[ACTION ITEM]
In the data below, set down exactly the lines from the one containing "Wykonany z wysokiej" up to and including the one containing "미시령터널 하행선(속초방향) 출구에서". Leave the pictures out.

*** EXTRACTED MATERIAL Section Begins ***

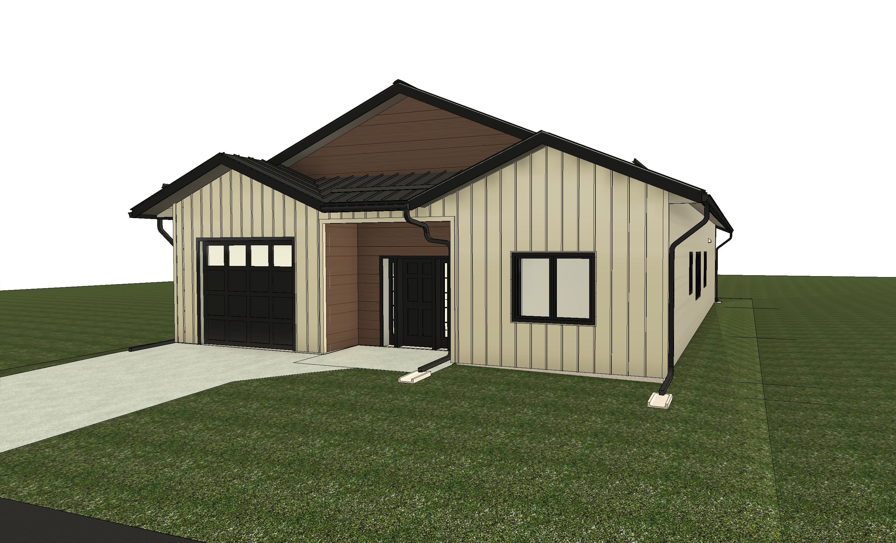 a modern single story house with a gabled roof and beige vertical siding the roof and window frames are deep black adding contrast the garage door and main door match in black while the porch area is accented with warm brown tones the surrounding grassy lawn is lush green complementing the natural setting render with soft diffused daylight for a serene afternoon atmosphere
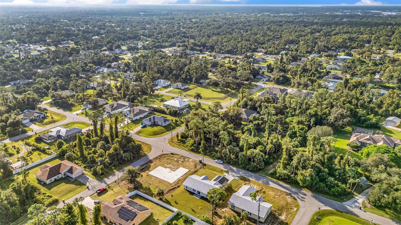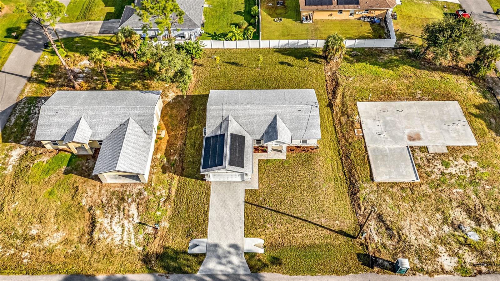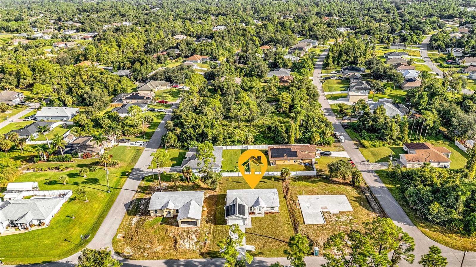 One or more photo(s) has been virtually staged. Solar-Powered, Energy-Efficient SIP Home – Modern Florida Living! This brand-new 3-bedroom, 2-bath home with a den/office and 2-car garage is not your traditional block or wood-framed home. Built with Structural Insulated Panels (SIPs)—a high-performance system featuring an insulating foam core and cement board exterior—this home can withstand winds up to 200 mph. SIPs are fire-resistant, self-extinguishing, non-toxic, and resistant to mold, corrosion, and termites, offering exceptional durability and energy efficiency. Step inside to a light and bright open split floor plan featuring luxury vinyl plank flooring, quartz countertops, and stainless steel appliances in the stylish kitchen. The den with barn doors provides the perfect flex space for an office for guest room. The primary suite offers a walk-in closet and ensuite bathroom with dual sinks and a walk-in shower, while the guest bedrooms are generously sized for comfort and versatility. Enjoy year-round savings with energy-efficient Low-E windows and your solar panels included with the house. Outside, the large backyard is a blank slate to create your own outdoor oasis. Conveniently located near shopping, dining, I-75, and CoolToday Park, this non-HOA home in an X flood zone means no flood insurance required and the freedom to live your way. Combining cutting-edge construction with modern finishes, this North Port home sets a new standard for comfort, sustainability, and durability.
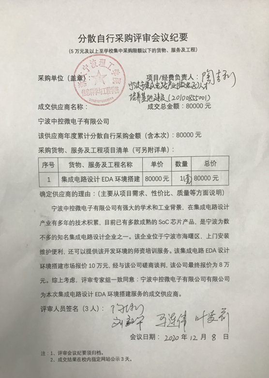 永利65335com集成电路设计EDA环境搭建分散自行采购项目成交结果的公示
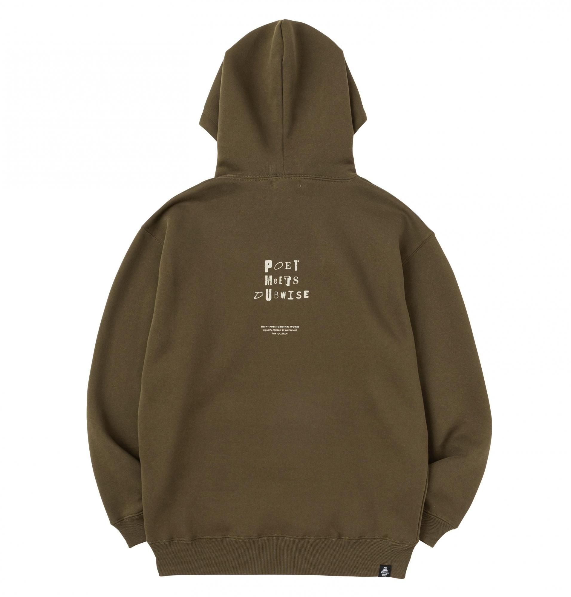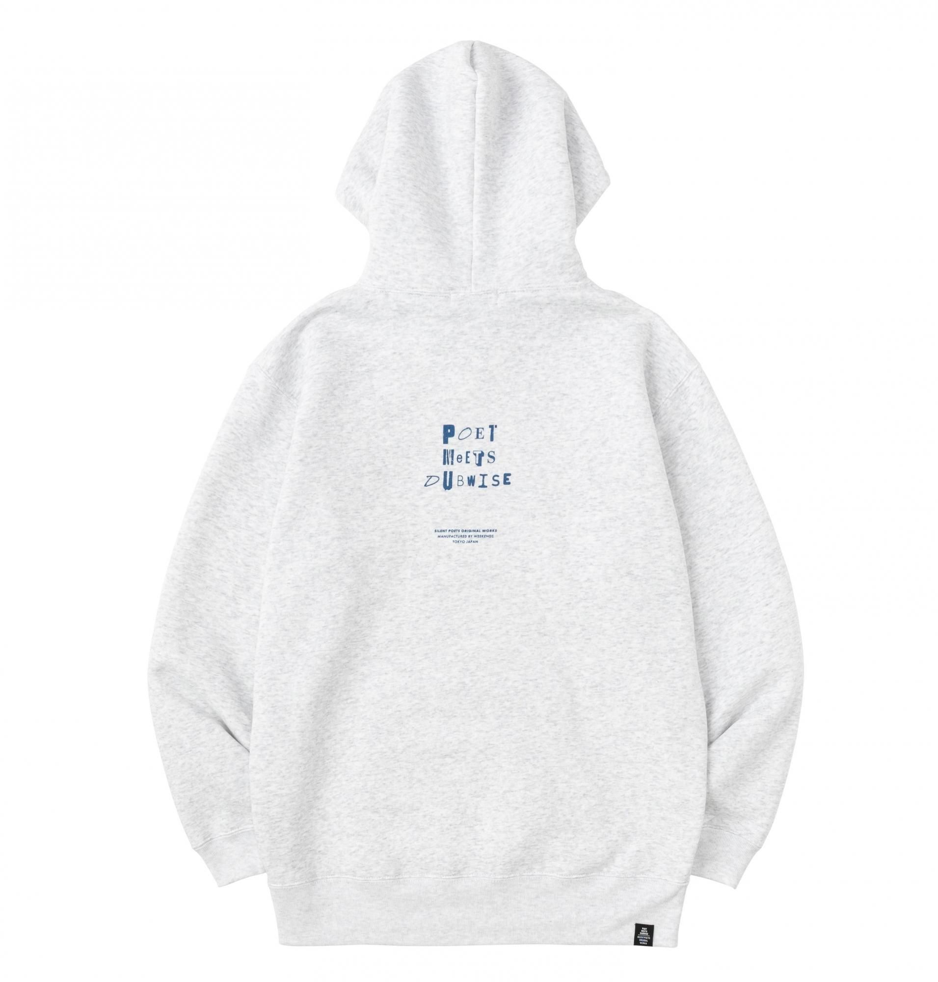 SILENT POETS から連想されるキーワードをプリント。綺麗な表面感とソフトな肌触りを追求した10oz裏起毛プルオーバーフーディ。
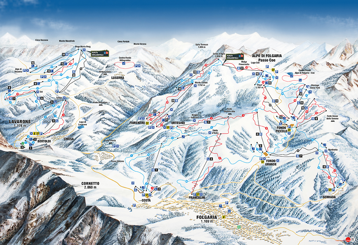 Alpe Cimbra je rozlehlá oblast v provincii Trentino, tvořená propojenými středisky Folgaria, Lavarone a Fiorentini, která dohromady nabízejí více než 100 km sjezdovek všech obtížností:
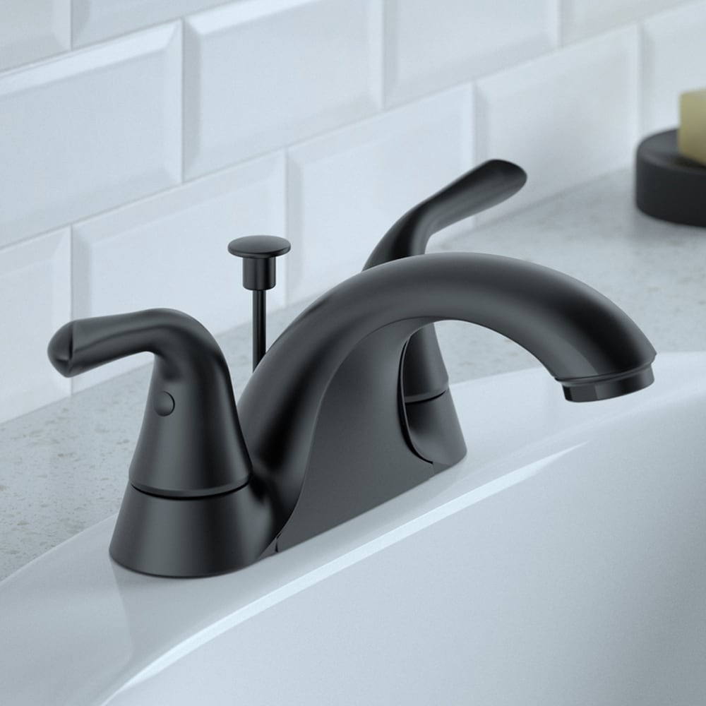 Project Source Dover Matte Black 4-in centerset 2-handle WaterSense Mid-arc Residential Handle Bathroom Sink Faucet with Drain with Deck Plate
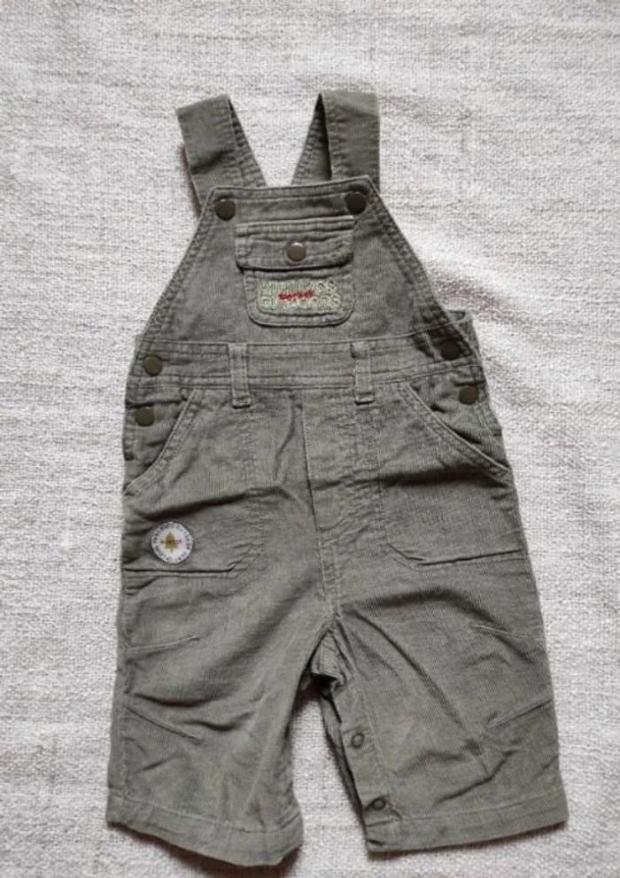 Salopette velour taille 3 mois sans marque. Couleur kaki. Ouverture par pressions au niveau des bretelles, sur les côtés et à l'entrejambe.
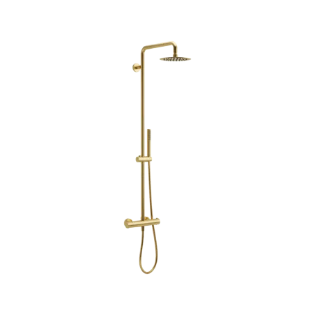 Wykonany z wysokiej jakości mosiądzu, zestaw wyróżnia się nie tylko trwałością i niezawodnością, ale również eleganckim, nowoczesnym designem. Kolor złoty szczotkowany nadaje łazience wyrafinowanego charakteru, doskonale wpisując się w zarówno klasyczne, jak i minimalistyczne aranżacje.
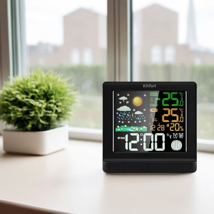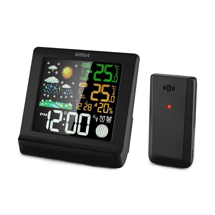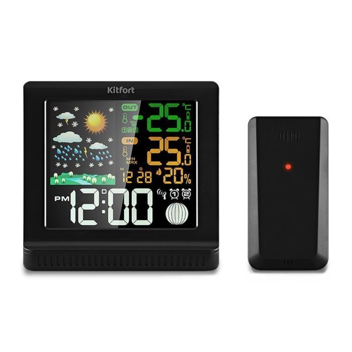 Метеостанция KT-3382 — это прибор, который позволит следить за показаниями температуры и влажности в помещении, температурой на улице, атмосферным давлением, а также фазой луны. Мощность 0,5 Вт.
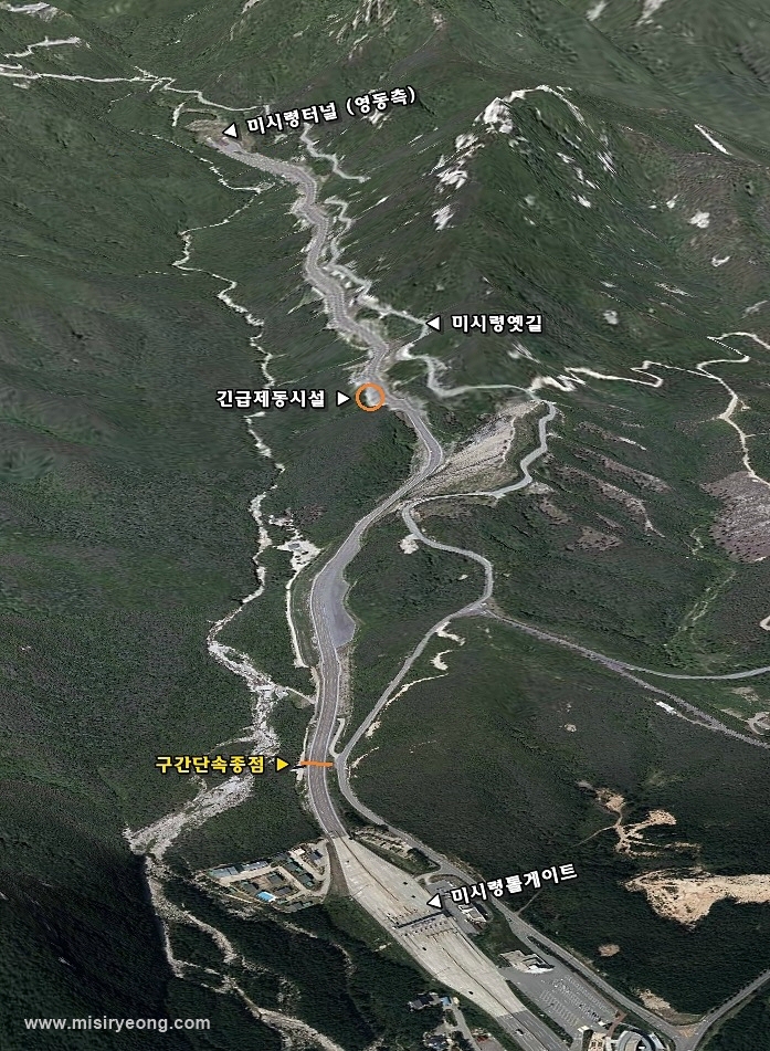 미시령터널 하행선(속초방향) 출구에서 톨게이트로 내려가는 내리막길(약 3.6km)은 급경사와 급커브로 이루어져 있어 운전자들의 브레이크 작동이 빈번해 브레이크 과열이나 파열같은 브레이크 고장 사고가 자주 일어나고, 빗길/눈길 미끄럼 사고도 자주 발생하는 사고위험이 매우 높은 구간입니다. 교통사고 다발지역인 이 구간의 제한속도는 60km/h이며, 사고 예방을 위해 운전자들은 안전벨트를 필히 착용하고 충분한 차간거리를 확보하면서, 반드시 저단기어로 '엔진브레이크'를 사용해 규정속도를 준수하고, 눈, 비, 안개 등 악천후시에는 평소보다 20~50% 감속해 운행하시길 당부드립니다.
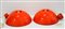 Lotto composto da n. 02 lampade a sospensione realizzate in metallo lucido rosso e bordo in gomma (mancante) il tappo a soffitto è in metallo e plastica rossa con cavo bianco. Ideata dal maestro Achille Castiglioni per Floss nel 1962.

*** EXTRACTED MATERIAL Section Ends ***

[REPLY TO THE EXERCISE]
 Wykonany z wysokiej jakości mosiądzu, zestaw wyróżnia się nie tylko trwałością i niezawodnością, ale również eleganckim, nowoczesnym designem. Kolor złoty szczotkowany nadaje łazience wyrafinowanego charakteru, doskonale wpisując się w zarówno klasyczne, jak i minimalistyczne aranżacje.
 Метеостанция KT-3382 — это прибор, который позволит следить за показаниями температуры и влажности в помещении, температурой на улице, атмосферным давлением, а также фазой луны. Мощность 0,5 Вт.
 미시령터널 하행선(속초방향) 출구에서 톨게이트로 내려가는 내리막길(약 3.6km)은 급경사와 급커브로 이루어져 있어 운전자들의 브레이크 작동이 빈번해 브레이크 과열이나 파열같은 브레이크 고장 사고가 자주 일어나고, 빗길/눈길 미끄럼 사고도 자주 발생하는 사고위험이 매우 높은 구간입니다. 교통사고 다발지역인 이 구간의 제한속도는 60km/h이며, 사고 예방을 위해 운전자들은 안전벨트를 필히 착용하고 충분한 차간거리를 확보하면서, 반드시 저단기어로 '엔진브레이크'를 사용해 규정속도를 준수하고, 눈, 비, 안개 등 악천후시에는 평소보다 20~50% 감속해 운행하시길 당부드립니다.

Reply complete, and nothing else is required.